Am 1.4.2014 wurde auf einen Antrag vom 12.11.2013 hin über das Vermögen der Insolvenzschuldnerin das Insolvenzverfahren eröffnet. Der Kläger beauftragte die Wirtschaftsprüfungsgesellschaft A mit der Erstellung neuer Jahresabschlüsse für die Jahre 2009-2012 (Anl. K 3 - K 6). Nach diesen Abschlüssen ergaben sich für alle diese Jahre Jahresfehlbeträge und Bilanzverluste in mehrstelliger Millionenhöhe.

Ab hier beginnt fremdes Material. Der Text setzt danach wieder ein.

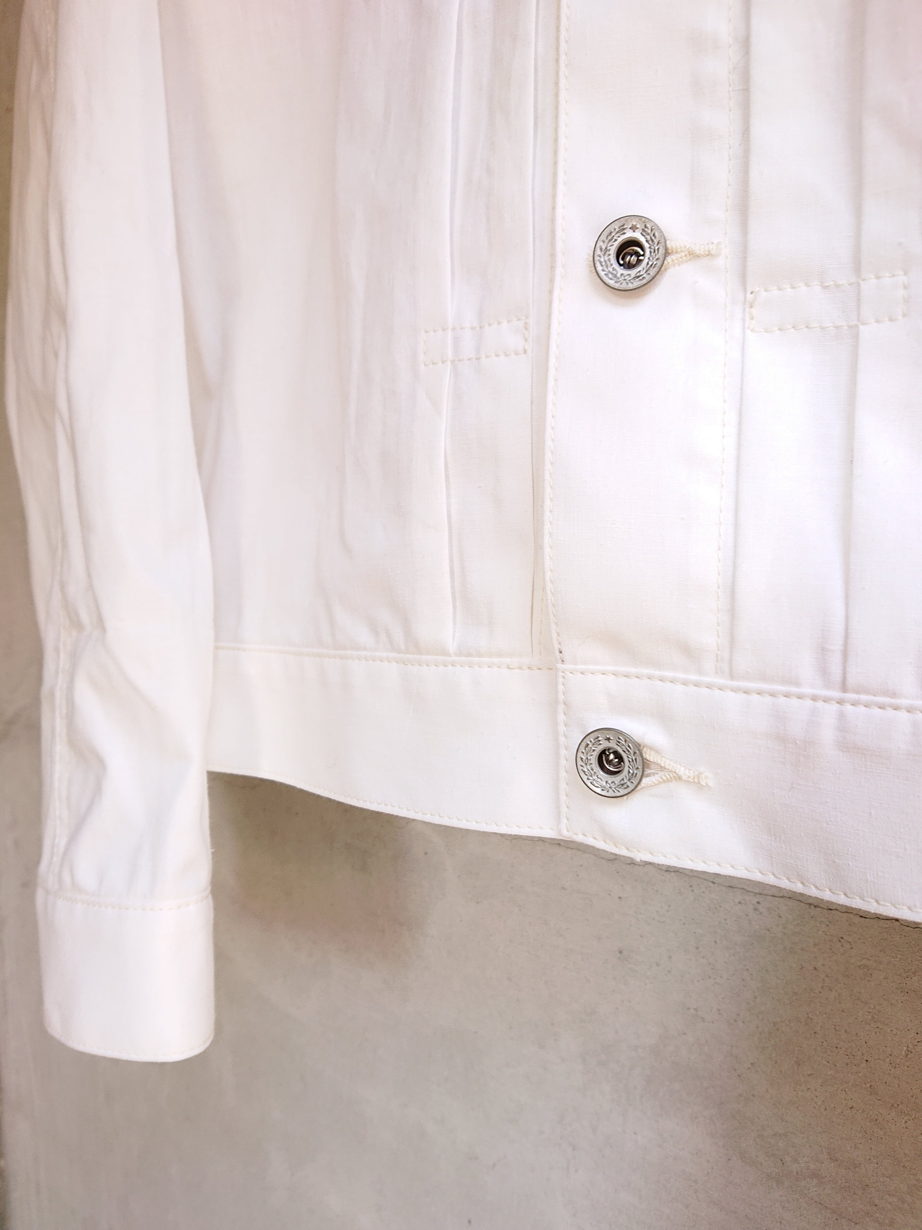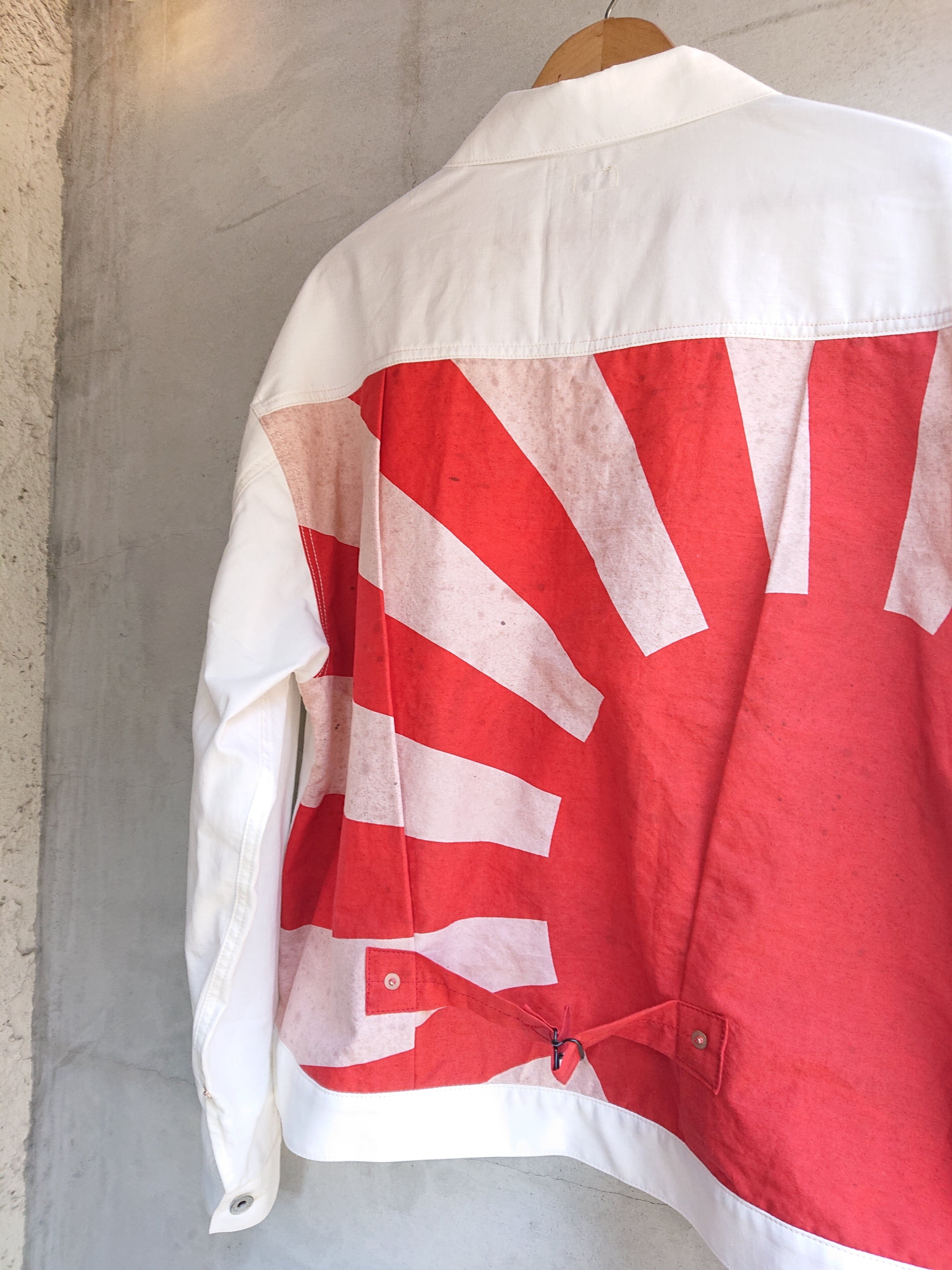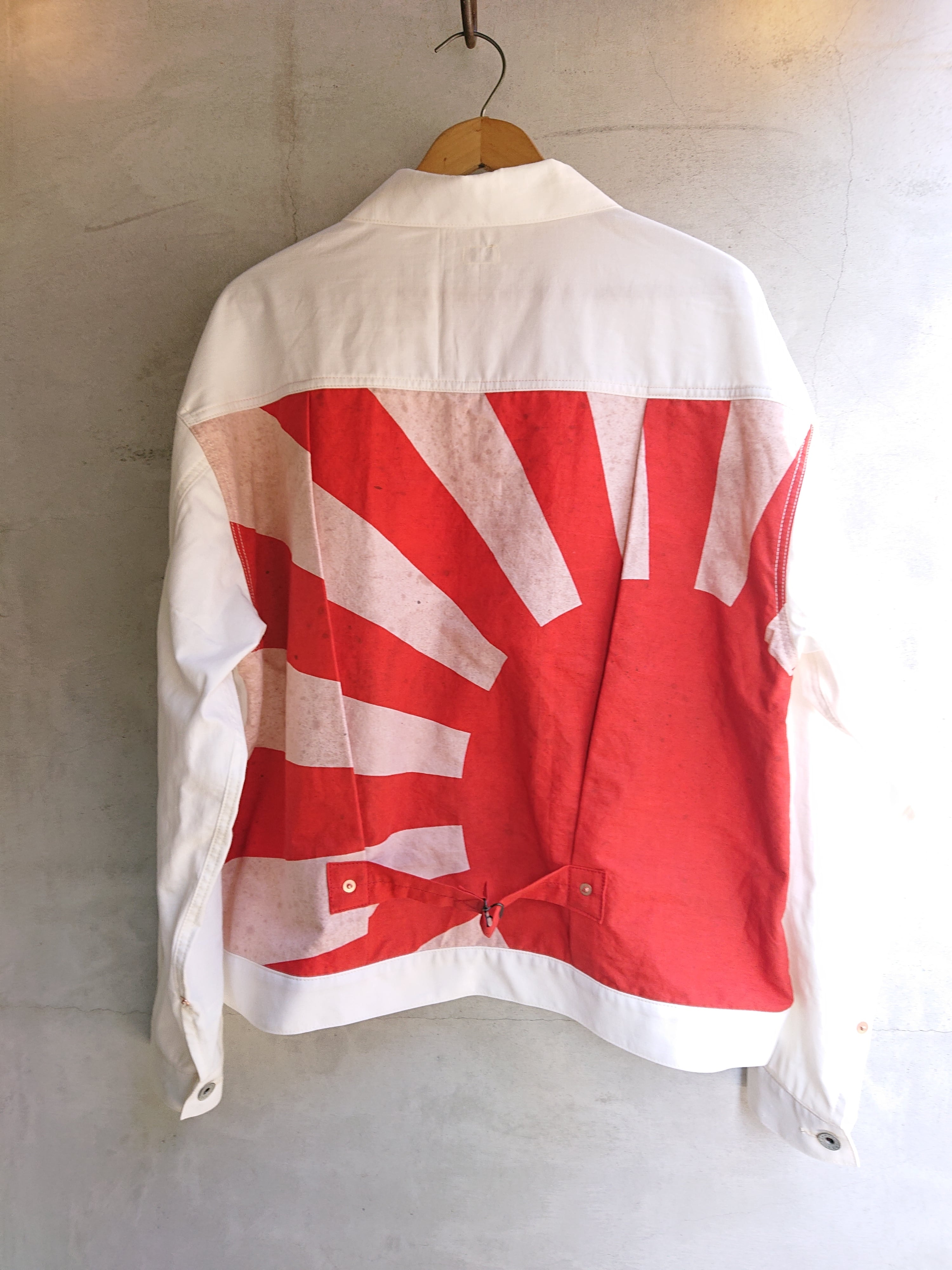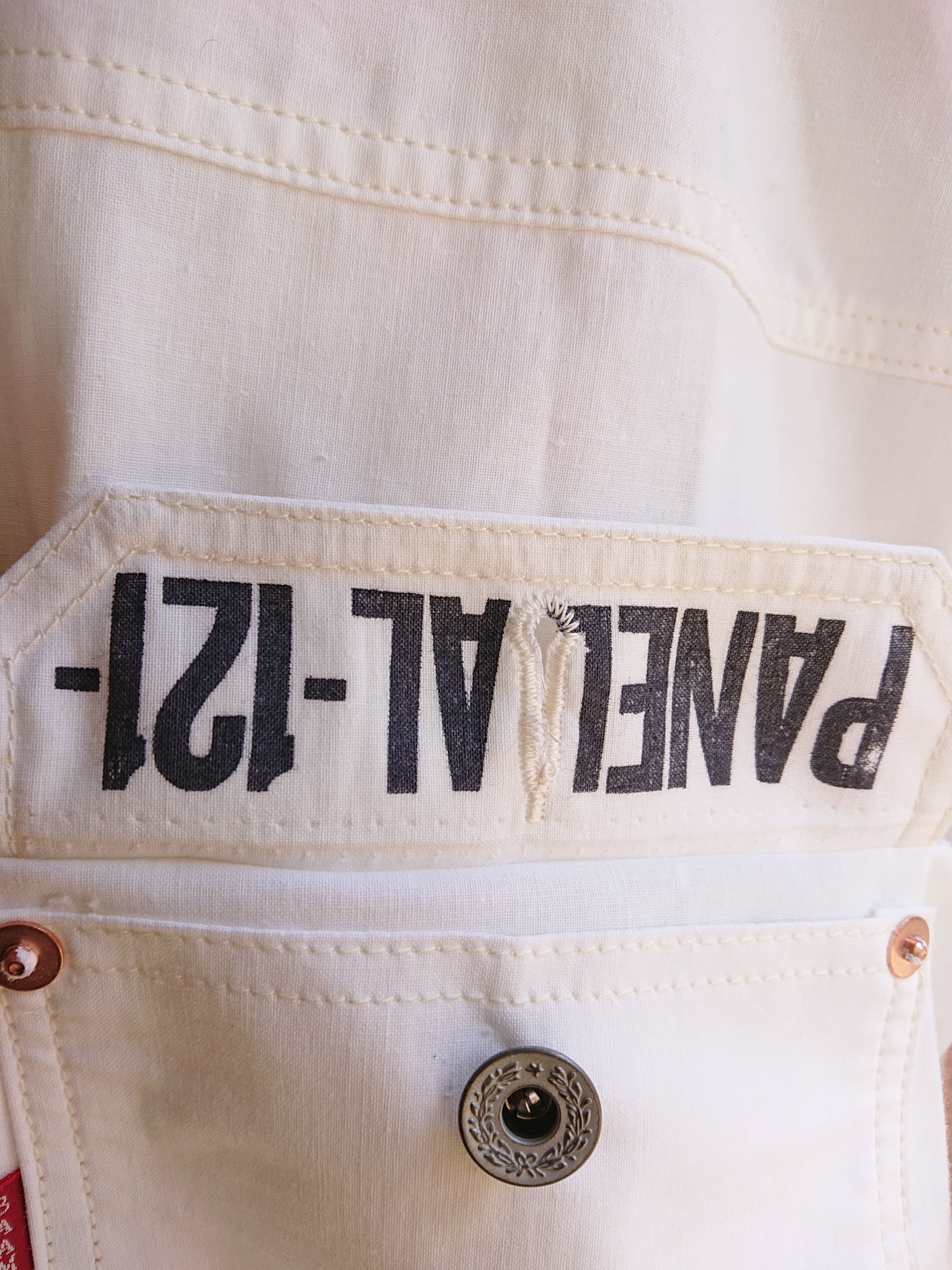 1960年代の米軍パネルマーカーシートをデッドストックを入手し、1stタイプのワイドシルエットの背中にアンティークナショナルフラッグをバックパーツに組み込んだ渾身の一作。 ステンシル部分の一部もフラップ裏や、カフスパーツ裏に使用は変わらず。昨今、この様な素材が纏まって入手出来る事は稀で、素晴らしい素材に巡り会える事も少なくなりました。ブランドタグはオールレーヨン糸で制作しものを使用し、ボタンは月桂樹ボタンに変更。

Der persönlich haftende Gesellschafter der Insolvenzschuldnerin, Herr C, sowie weitere an der Insolvenzschuldnerin bzw. Konzerngesellschaften beteiligten Personen wurden im Zusammenhang mit der Geschäftstätigkeit der Insolvenzschuldnerin und ihrer Konzerngesellschaften wegen banden- und gewerbsmäßigen Betrugs in Tateinheit mit Kapitalanlagebetrug vom Landgericht Dresden zu teilweise hohen Freiheitsstrafen verurteilt (Urteil vom 9.7.2018, ...). Mit Urteil vom 29.10.2021 (...) hat der BGH dieses Urteil hinsichtlich der Verurteilung wegen banden- und gewerbsmäßigen Betrugs bestätigt.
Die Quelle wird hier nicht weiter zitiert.